— ENTRIES SHOWN —
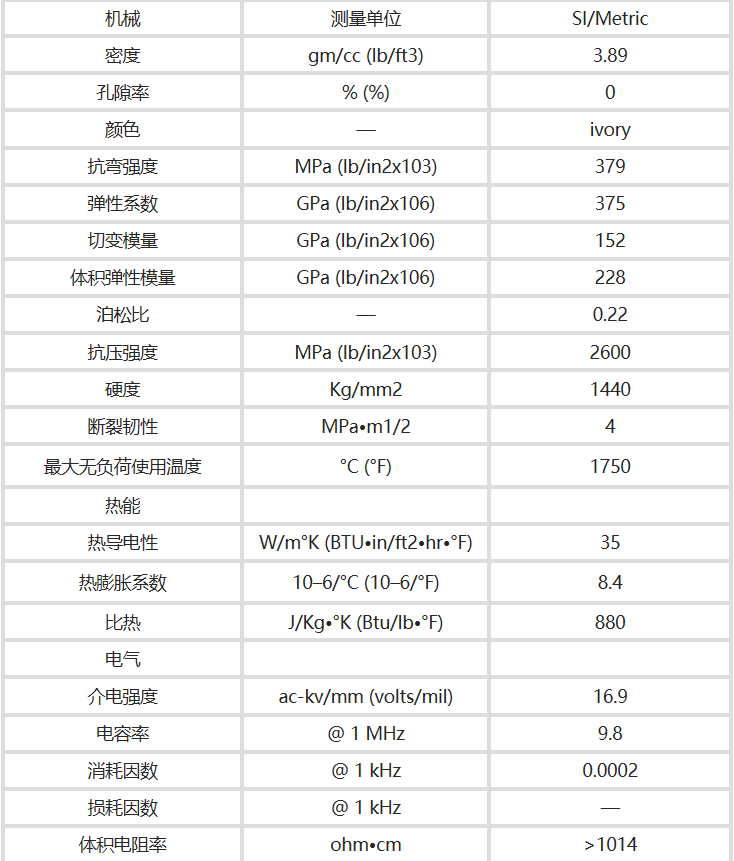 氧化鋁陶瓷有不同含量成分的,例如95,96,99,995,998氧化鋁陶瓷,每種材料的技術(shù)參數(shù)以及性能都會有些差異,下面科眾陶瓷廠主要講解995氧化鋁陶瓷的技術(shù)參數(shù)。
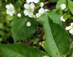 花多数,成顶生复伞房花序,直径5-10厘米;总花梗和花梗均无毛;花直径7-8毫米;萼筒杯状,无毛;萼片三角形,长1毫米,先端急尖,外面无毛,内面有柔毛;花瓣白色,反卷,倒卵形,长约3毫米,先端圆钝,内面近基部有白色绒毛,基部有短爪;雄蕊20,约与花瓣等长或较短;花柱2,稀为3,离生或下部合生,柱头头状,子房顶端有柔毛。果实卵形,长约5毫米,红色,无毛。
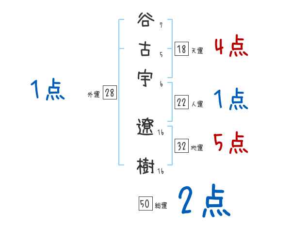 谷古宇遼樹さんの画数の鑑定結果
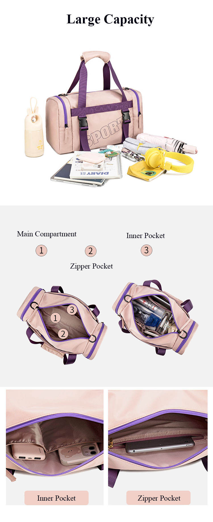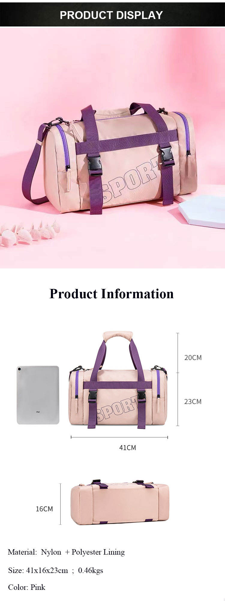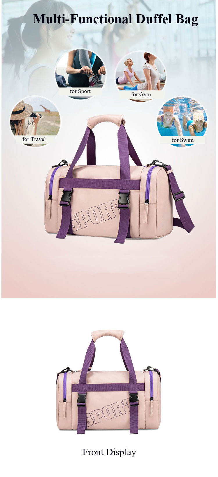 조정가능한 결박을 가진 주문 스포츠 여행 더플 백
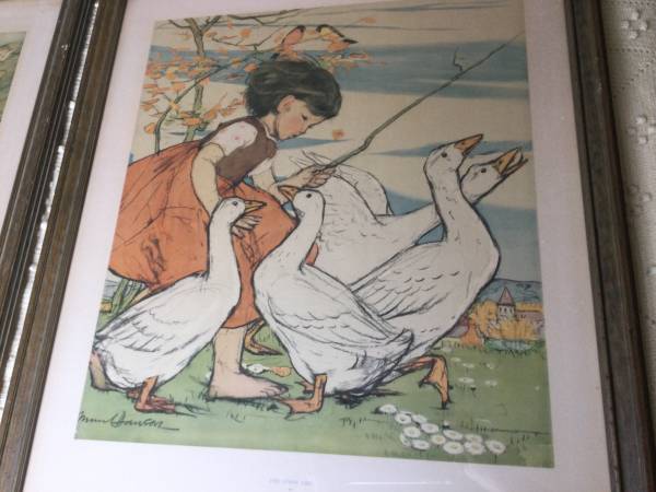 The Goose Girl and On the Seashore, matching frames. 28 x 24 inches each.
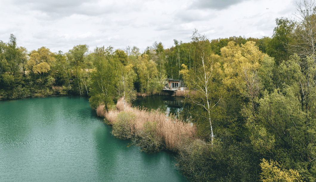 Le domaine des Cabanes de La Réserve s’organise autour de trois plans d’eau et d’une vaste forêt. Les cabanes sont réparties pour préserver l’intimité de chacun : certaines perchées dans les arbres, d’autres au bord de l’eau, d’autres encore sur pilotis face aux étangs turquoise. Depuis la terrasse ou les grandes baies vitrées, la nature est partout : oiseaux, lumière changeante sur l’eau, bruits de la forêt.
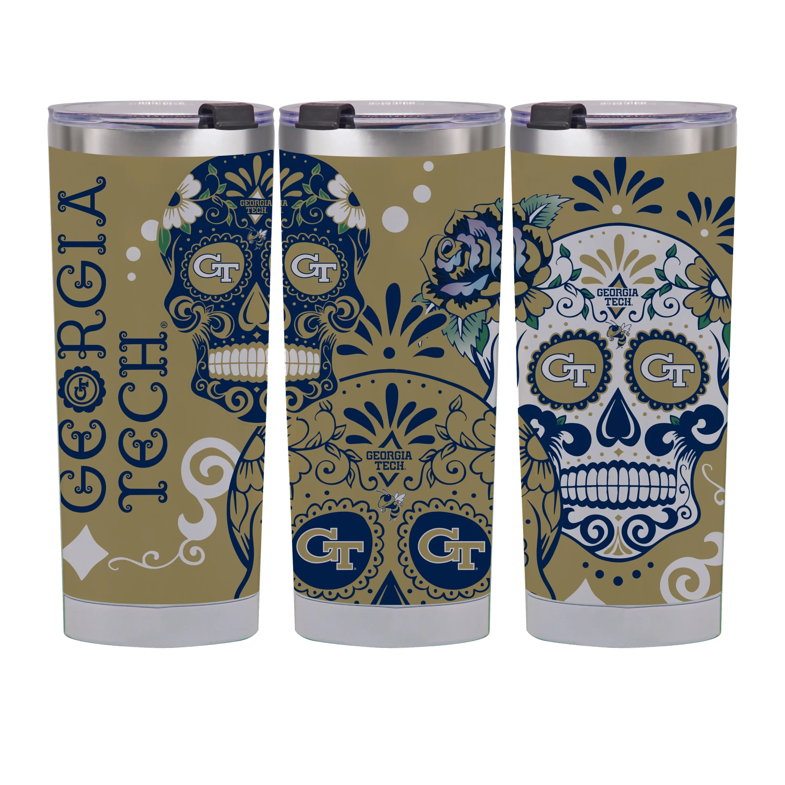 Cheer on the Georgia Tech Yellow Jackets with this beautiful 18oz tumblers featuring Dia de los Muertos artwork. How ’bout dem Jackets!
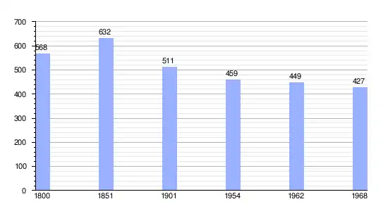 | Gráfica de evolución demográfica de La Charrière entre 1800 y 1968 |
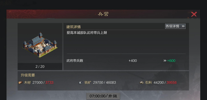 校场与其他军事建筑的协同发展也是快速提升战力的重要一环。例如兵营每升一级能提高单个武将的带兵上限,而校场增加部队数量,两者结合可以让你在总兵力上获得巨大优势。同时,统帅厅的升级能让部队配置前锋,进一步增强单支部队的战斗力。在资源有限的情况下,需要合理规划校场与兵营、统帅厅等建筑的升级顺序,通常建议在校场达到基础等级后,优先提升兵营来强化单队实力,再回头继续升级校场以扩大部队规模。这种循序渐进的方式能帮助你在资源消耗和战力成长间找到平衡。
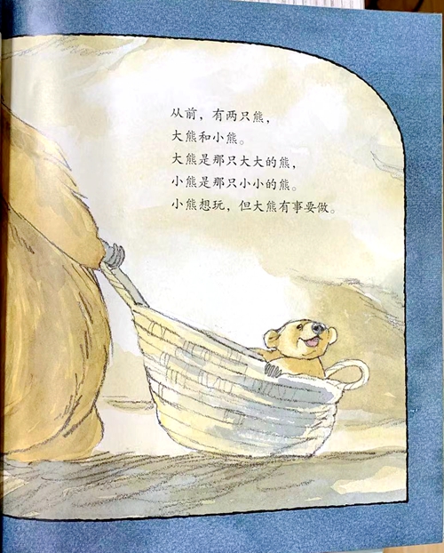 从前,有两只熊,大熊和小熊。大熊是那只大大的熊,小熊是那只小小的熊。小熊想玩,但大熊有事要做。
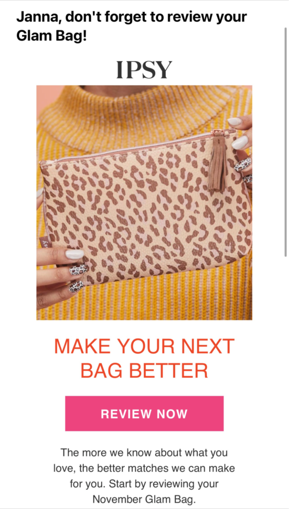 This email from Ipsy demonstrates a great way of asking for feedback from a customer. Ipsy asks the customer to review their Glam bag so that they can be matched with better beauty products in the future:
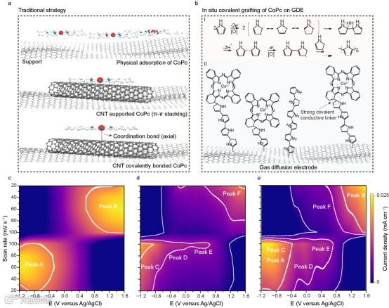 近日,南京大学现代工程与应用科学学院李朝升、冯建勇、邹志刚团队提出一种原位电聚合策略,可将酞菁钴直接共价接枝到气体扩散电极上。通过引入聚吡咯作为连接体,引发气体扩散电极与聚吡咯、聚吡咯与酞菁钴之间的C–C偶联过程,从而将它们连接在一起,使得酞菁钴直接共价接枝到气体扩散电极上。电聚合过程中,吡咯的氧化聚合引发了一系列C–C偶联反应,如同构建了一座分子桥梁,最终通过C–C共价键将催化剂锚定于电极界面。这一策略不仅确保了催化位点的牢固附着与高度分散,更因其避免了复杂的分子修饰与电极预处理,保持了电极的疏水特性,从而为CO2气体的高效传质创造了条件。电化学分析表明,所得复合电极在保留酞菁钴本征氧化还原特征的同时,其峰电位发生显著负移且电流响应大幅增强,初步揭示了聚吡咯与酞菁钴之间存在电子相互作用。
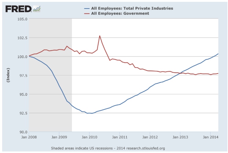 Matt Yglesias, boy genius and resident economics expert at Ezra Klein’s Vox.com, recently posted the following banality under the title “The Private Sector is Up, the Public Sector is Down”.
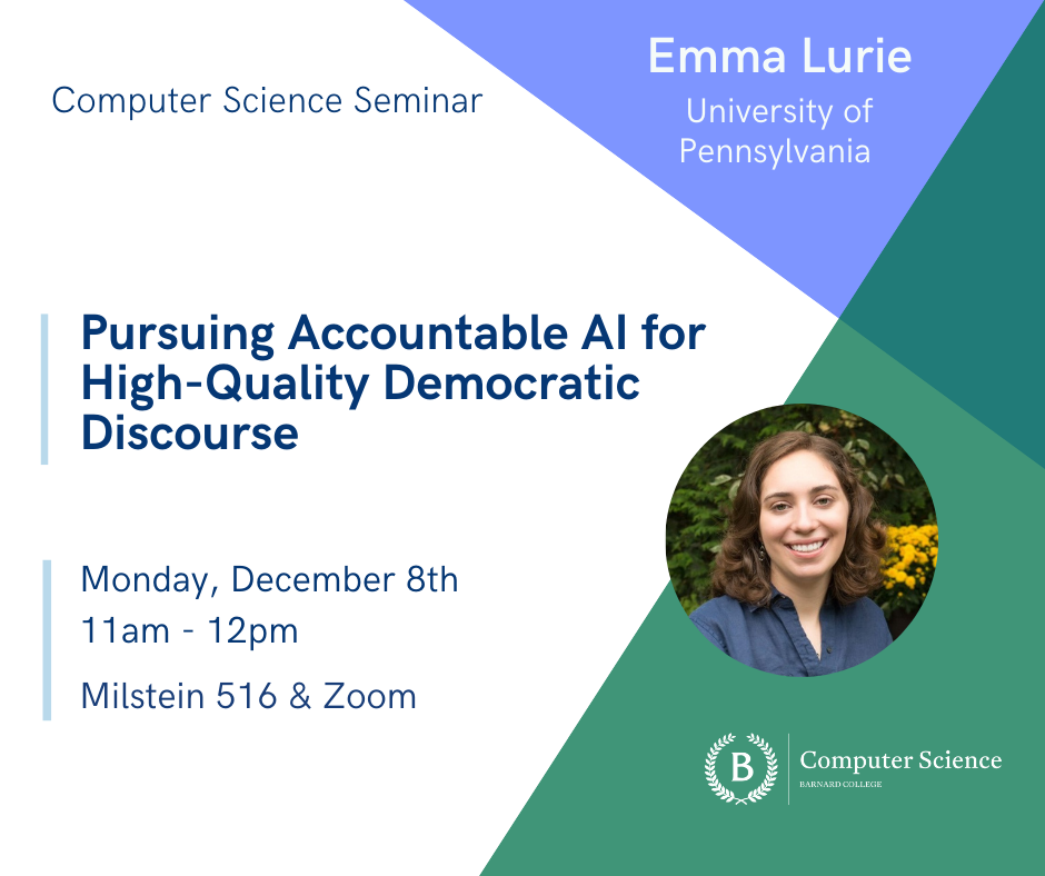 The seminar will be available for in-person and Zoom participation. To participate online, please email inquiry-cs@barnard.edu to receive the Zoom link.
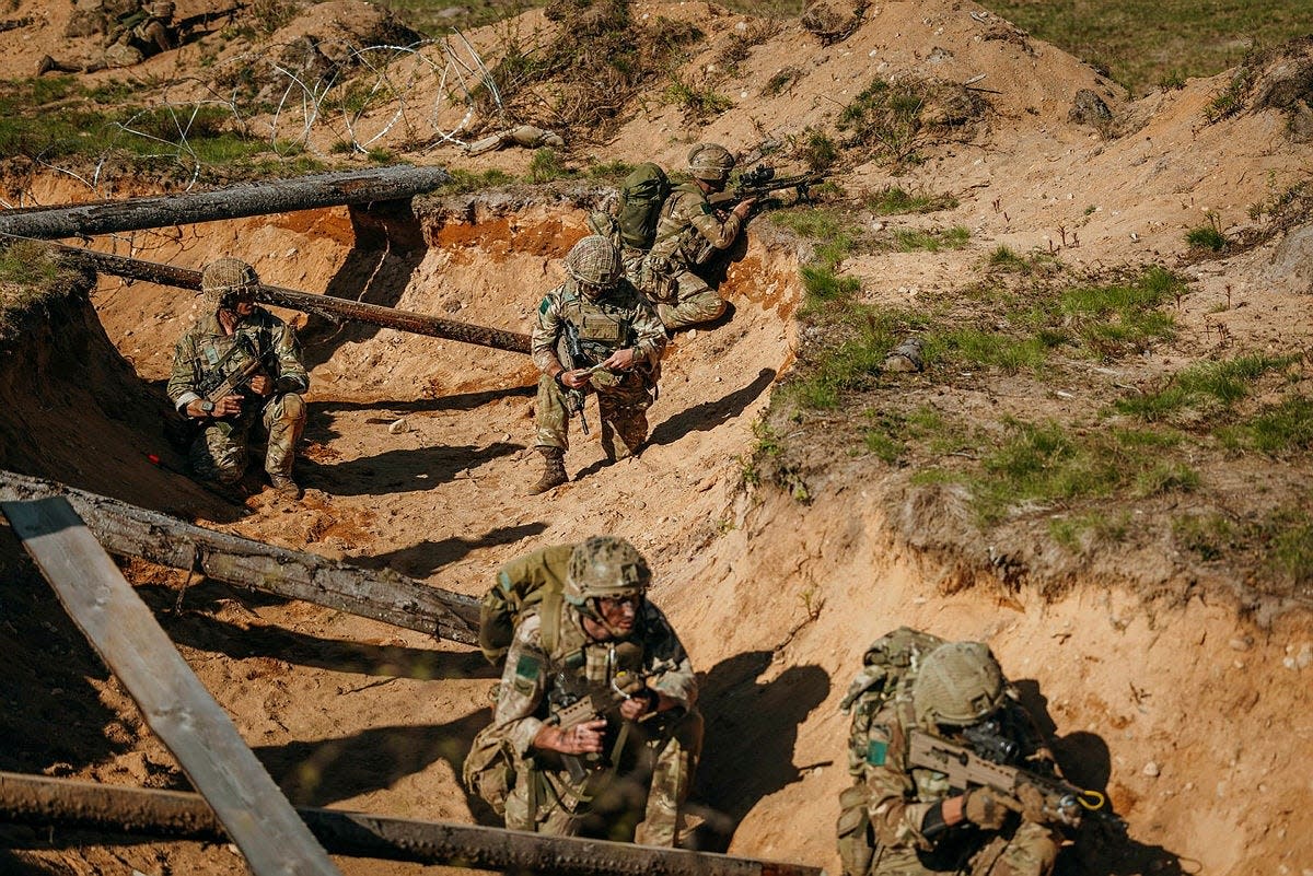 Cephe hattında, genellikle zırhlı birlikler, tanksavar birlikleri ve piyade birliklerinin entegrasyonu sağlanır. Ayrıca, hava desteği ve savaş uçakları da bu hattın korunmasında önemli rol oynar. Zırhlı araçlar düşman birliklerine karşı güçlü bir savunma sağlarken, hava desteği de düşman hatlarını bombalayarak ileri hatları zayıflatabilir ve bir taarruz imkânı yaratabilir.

— YOUR TASK —
In your copy of the material, match every word exactly and include no pictures.

— RESPONSE —
 氧化鋁陶瓷有不同含量成分的,例如95,96,99,995,998氧化鋁陶瓷,每種材料的技術(shù)參數(shù)以及性能都會有些差異,下面科眾陶瓷廠主要講解995氧化鋁陶瓷的技術(shù)參數(shù)。
 花多数,成顶生复伞房花序,直径5-10厘米;总花梗和花梗均无毛;花直径7-8毫米;萼筒杯状,无毛;萼片三角形,长1毫米,先端急尖,外面无毛,内面有柔毛;花瓣白色,反卷,倒卵形,长约3毫米,先端圆钝,内面近基部有白色绒毛,基部有短爪;雄蕊20,约与花瓣等长或较短;花柱2,稀为3,离生或下部合生,柱头头状,子房顶端有柔毛。果实卵形,长约5毫米,红色,无毛。
 谷古宇遼樹さんの画数の鑑定結果
 조정가능한 결박을 가진 주문 스포츠 여행 더플 백
 The Goose Girl and On the Seashore, matching frames. 28 x 24 inches each.
 Le domaine des Cabanes de La Réserve s’organise autour de trois plans d’eau et d’une vaste forêt. Les cabanes sont réparties pour préserver l’intimité de chacun : certaines perchées dans les arbres, d’autres au bord de l’eau, d’autres encore sur pilotis face aux étangs turquoise. Depuis la terrasse ou les grandes baies vitrées, la nature est partout : oiseaux, lumière changeante sur l’eau, bruits de la forêt.
 Cheer on the Georgia Tech Yellow Jackets with this beautiful 18oz tumblers featuring Dia de los Muertos artwork. How ’bout dem Jackets!
 | Gráfica de evolución demográfica de La Charrière entre 1800 y 1968 |
 校场与其他军事建筑的协同发展也是快速提升战力的重要一环。例如兵营每升一级能提高单个武将的带兵上限,而校场增加部队数量,两者结合可以让你在总兵力上获得巨大优势。同时,统帅厅的升级能让部队配置前锋,进一步增强单支部队的战斗力。在资源有限的情况下,需要合理规划校场与兵营、统帅厅等建筑的升级顺序,通常建议在校场达到基础等级后,优先提升兵营来强化单队实力,再回头继续升级校场以扩大部队规模。这种循序渐进的方式能帮助你在资源消耗和战力成长间找到平衡。
 从前,有两只熊,大熊和小熊。大熊是那只大大的熊,小熊是那只小小的熊。小熊想玩,但大熊有事要做。
 This email from Ipsy demonstrates a great way of asking for feedback from a customer. Ipsy asks the customer to review their Glam bag so that they can be matched with better beauty products in the future:
 近日,南京大学现代工程与应用科学学院李朝升、冯建勇、邹志刚团队提出一种原位电聚合策略,可将酞菁钴直接共价接枝到气体扩散电极上。通过引入聚吡咯作为连接体,引发气体扩散电极与聚吡咯、聚吡咯与酞菁钴之间的C–C偶联过程,从而将它们连接在一起,使得酞菁钴直接共价接枝到气体扩散电极上。电聚合过程中,吡咯的氧化聚合引发了一系列C–C偶联反应,如同构建了一座分子桥梁,最终通过C–C共价键将催化剂锚定于电极界面。这一策略不仅确保了催化位点的牢固附着与高度分散,更因其避免了复杂的分子修饰与电极预处理,保持了电极的疏水特性,从而为CO2气体的高效传质创造了条件。电化学分析表明,所得复合电极在保留酞菁钴本征氧化还原特征的同时,其峰电位发生显著负移且电流响应大幅增强,初步揭示了聚吡咯与酞菁钴之间存在电子相互作用。
 Matt Yglesias, boy genius and resident economics expert at Ezra Klein’s Vox.com, recently posted the following banality under the title “The Private Sector is Up, the Public Sector is Down”.
 The seminar will be available for in-person and Zoom participation. To participate online, please email inquiry-cs@barnard.edu to receive the Zoom link.
 Cephe hattında, genellikle zırhlı birlikler, tanksavar birlikleri ve piyade birliklerinin entegrasyonu sağlanır. Ayrıca, hava desteği ve savaş uçakları da bu hattın korunmasında önemli rol oynar. Zırhlı araçlar düşman birliklerine karşı güçlü bir savunma sağlarken, hava desteği de düşman hatlarını bombalayarak ileri hatları zayıflatabilir ve bir taarruz imkânı yaratabilir.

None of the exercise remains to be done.